The record level of sales of certain over-the-counter products achieved
during the first quarter of fiscal 1996 negatively affected the level of
sales of the same products during the second quarter of fiscal 1996. The
sales growth during the first quarter of fiscal 1996 was due to an increase
in sales to McKesson Drug Co. ("McKesson"), the primary wholesaler to
Wal-Mart.
LIQUIDITY AND CAPITAL RESOURCES
THE COMPANY
CASH USED BY OPERATIONS.
The Company's (excluding Marquest) cash used for operating activities
decreased to approximately $353,000 for the first six months of fiscal 1996
from approximately $2,801,000 during the same period of fiscal 1995. The
decrease in use of operating cash is primarily attributable to Custom
Medical's improved working capital management.

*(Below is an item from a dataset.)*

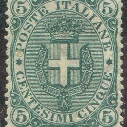 Stemma Sabaudo 5 øre mørkegrøn fra Italia Regno, udgivet 1889, stand: Mint uden linguella, Sassone nr. 44, certificeret Raybaudi og ekspertunderskrift. Klik på den blå "gå til varen" knap, for at købe eller byde på denne vare. Den samlede pris vil blive vist inden du afgiver dit bud.

During the first half of
fiscal 1995, Custom Medical made significant inventory purchases in
anticipation of projected sales increases under the Cordis contract. The
anticipated level of sales did not materialize and an effort was made to
reduce inventory levels in fiscal 1995 and continued through the first half
of fiscal 1996. Custom Medical also improved its collection of accounts
receivable during the six months ended September 30, 1995 compared to the
same period in fiscal 1995, primarily due to improved collection of amounts
owed by Cordis.
The Company's decision to cease further independent drug design efforts and
concentrate on contract research and development at Biofor should improve
operating cash flow requirements in future periods. Prior to this decision,
Biofor required approximately $175,000 cash per month.
11
<PAGE>
CASH FLOWS FROM FINANCING AND INVESTING ACTIVITIES.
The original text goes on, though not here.